I also think awareness of the tools and habitualizing their use could be another problem. Then there's the fact many enterprises still aren't using these tools, even though they are just a simple URL away on the Web. All the while those same bloggers and Wikipedia contributors apparently become mute when they go to work.
The Real Upshot: The Mass of Self-Interest, Emergent Control Moving To the Tail, and Innovation Flowing from the Edge
However, I believe the real answer to these questions lies by looking at underlying reasons why Web 2.0 is so successful on the Web. And this is where McAfee himself gets so tantalizingly close, and then misses the mark at the very end of his most recent post. The first reason, which I put at the top of my Ten Ways to Take Advantage of Web 2.0, is to encourage social contributions with individual benefit. While Wikipedia contributions are largely ego driven (public credit for contributing knowledge), things like del.icio.us bookmarks and Flickr picture uploading are driven by personal convenience and value (easily accessed bookmarks or a place to share pictures with friends and family). Part of this is the Database of Intentions bit that builds valuable collective intelligence by automatically collecting what people do on the Web, but it's really about giving them a personal incentive to do so. Mandates and policies that require use of Web 2.0 software in the enterprise will never be anywhere as effective as personal motivation.
And brings us to the part where McAfee gets wrong, and that is that namely is his assertion that business leaders will foster adoption, instead of the individual worker: "If these leaders signal that they really don’t want open, freeform, and emergent collaboration, they really won’t get it." I would assert that even if they ouright demand these things from employees, they won't get them. Demanding emergent behavior from people just doesn't work. Now, I'm sure you're thinking, if freeform, emergent behavior will happen anyway given these new tools, shouldn't we see big changes in the enterprise already?
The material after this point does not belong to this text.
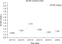 Phthalates are animal carcinogens. Potassium hydrogen phthalate (KHP), which has the least complicated structure among phthalates, is used for the analysis of total organic carbon and formaldehyde. However, its toxicity has not been confirmed. A 24-hour acute toxicity test was performed using Daphnia magna, a water flea used to evaluate aquatic toxicity owing to its high sensitivity. The lowest observed effect concentration of KHP was found to be 240 mg/L. The effects of phosphorus, nitrogen, and Cr(6+), which are able to be discharged along with KHP, were also confirmed using tests. At 240 mg/L KHP, toxicity increased as phosphorus, nitrogen, and Cr(6+) increased. In addition, tests were performed to confirm the half maximal effective concentration of KHP. Through 10 test repetitions, the average ecotoxicity value was found to be 0.3, the average half maximal effective concentration was 327.75 mg/L, and the coefficient of variation (%) was 3.16%; because the latter value is lower than 25%, which is what is generally suggested for the water pollution standard method, the reproducibility of the tests is sufficient to replace the existing standard reference toxicity test that uses potassium dichromate. In addition, the half maximum effective concentration of potassium hydrogen phthalate is approximately 218 times more than that of potassium dichromate; therefore, toxicity is relatively low. In conclusion, KHP is a feasible alternative to the highly toxic potassium dichromate for performing the standard reference toxicity test.
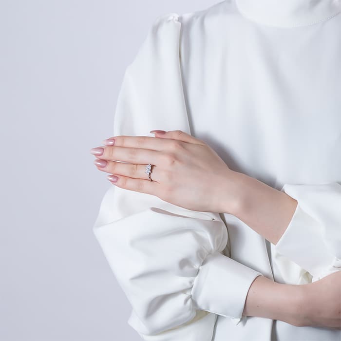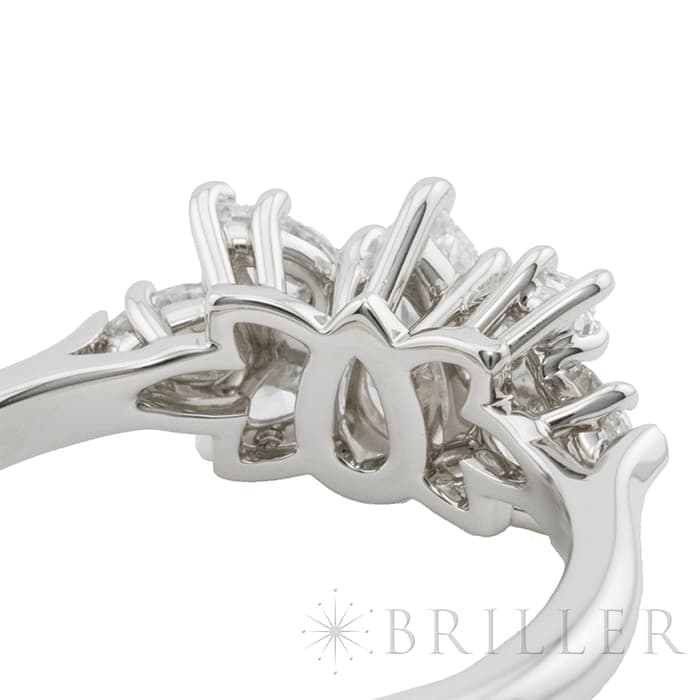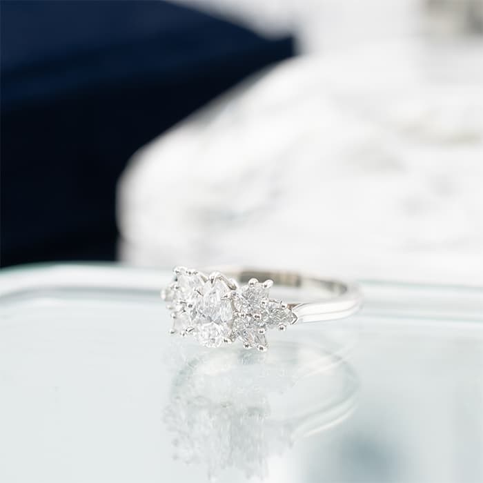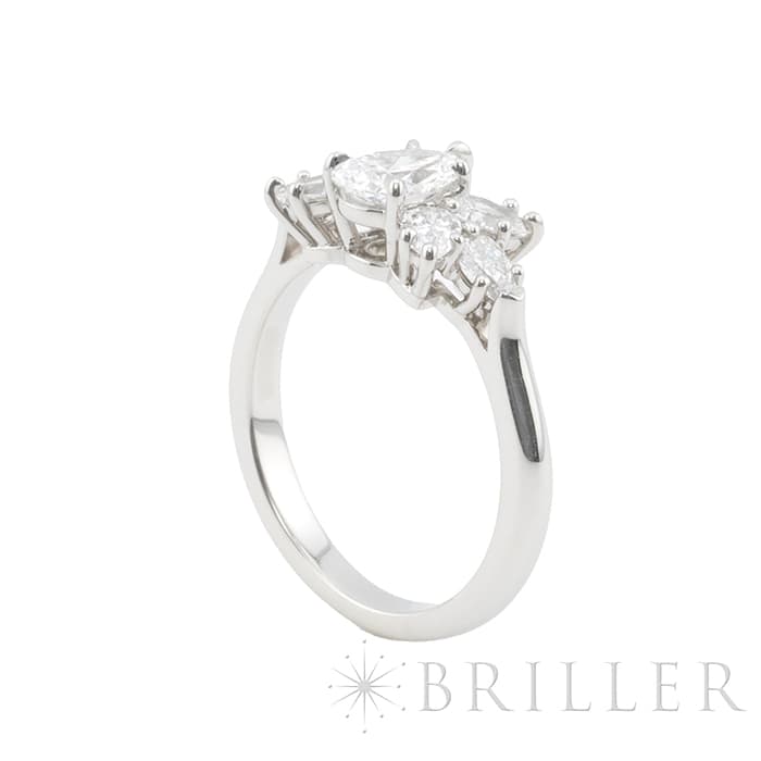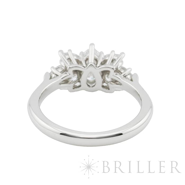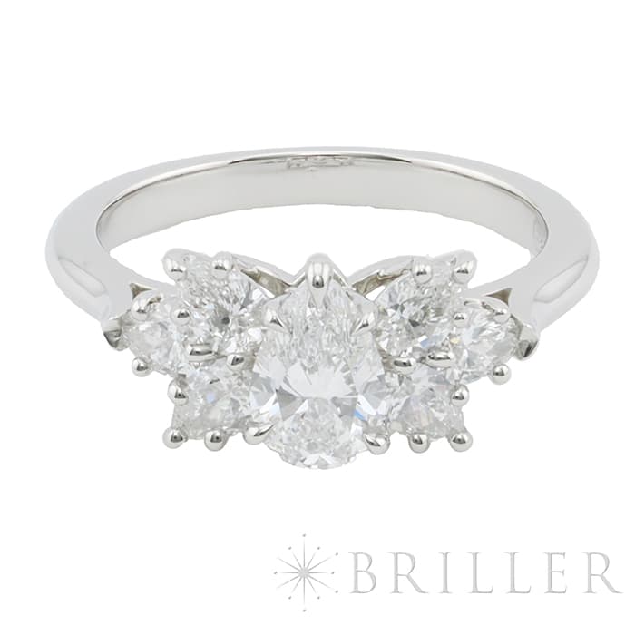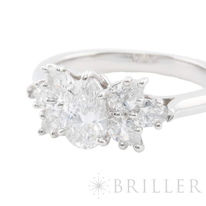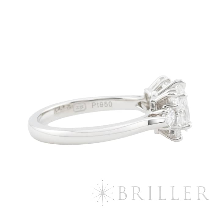 世界五大ジュエラーのひとつに数えられ、「キング・オブ・ダイヤモンド」の名を冠するハリー・ウィンストン。中でもブランドを象徴するクラスター・スタイルを採用した本リングは、圧倒的な輝きと存在感を放ちます。 中央には0.50ctのペアシェイプ・ダイヤモンドをセット。その両側を6石のペアシェイプ・ダイヤモンドが立体的に囲み、中心の輝きをより一層引き立てます。ダイヤモンドは緻密な角度でセッティングされており、あらゆる方向から光を捉えて最大限の煌めきを放ちます。 プラチナ台座は視覚的にほとんど感じさせない巧みなセッティングにより、まるでダイヤモンドだけが宙に浮かんでいるかのような軽やかでラグジュアリーな印象を実現。センターストーンはカラーグレード「E」、クラリティ「VVS1」という極めて高品質なものを使用し、世界最高峰のジュエラーならではの卓越した美しさを堪能できます。 ハリー・ウィンストンが誇る伝統とクラフトマンシップが結晶した、永遠の輝きを纏う特別な一本です。

And this is where this shift of control is changing things. Previously, innovation often came from the top of the enterprise and trickled down to the consumer. But the tools for creation of content of almost every variety is becoming pushed out to the edge, is virtually free, and driven by passion-filled individuals who can create wonders in their spare time. The inversion of control is changing where the innovation is happening and that's why we're seeing it on the Web first. There's little doubt that it will pour into the enterprise in due time, but since it's largely not created there, it'll happen in the wild first. The Long Tail of control, created by the forces of Web 2.0, will push the majority of content creation into the tail. And significantly, that means that most folks won't have to be frequent creators or even consumers of this content, but that will be more than enough to create what everyone wants, a likely embarassement of riches once things really get rolling.
The upheavals and outcome of all this is as unclear as it is significant because enterprises are primarily organized around central control and focused innovation, two things easily disrupted by this shift of control. Now that innovation, content creation, and control over its distribution now happens mostly at the edge of the network and in The Long Tail it will be fascinating to see what the ongoing fallout will be as entire industries are likely remade in the process.
Don't agree Web 2.0 will remake the enterprise too? Where is all this heading?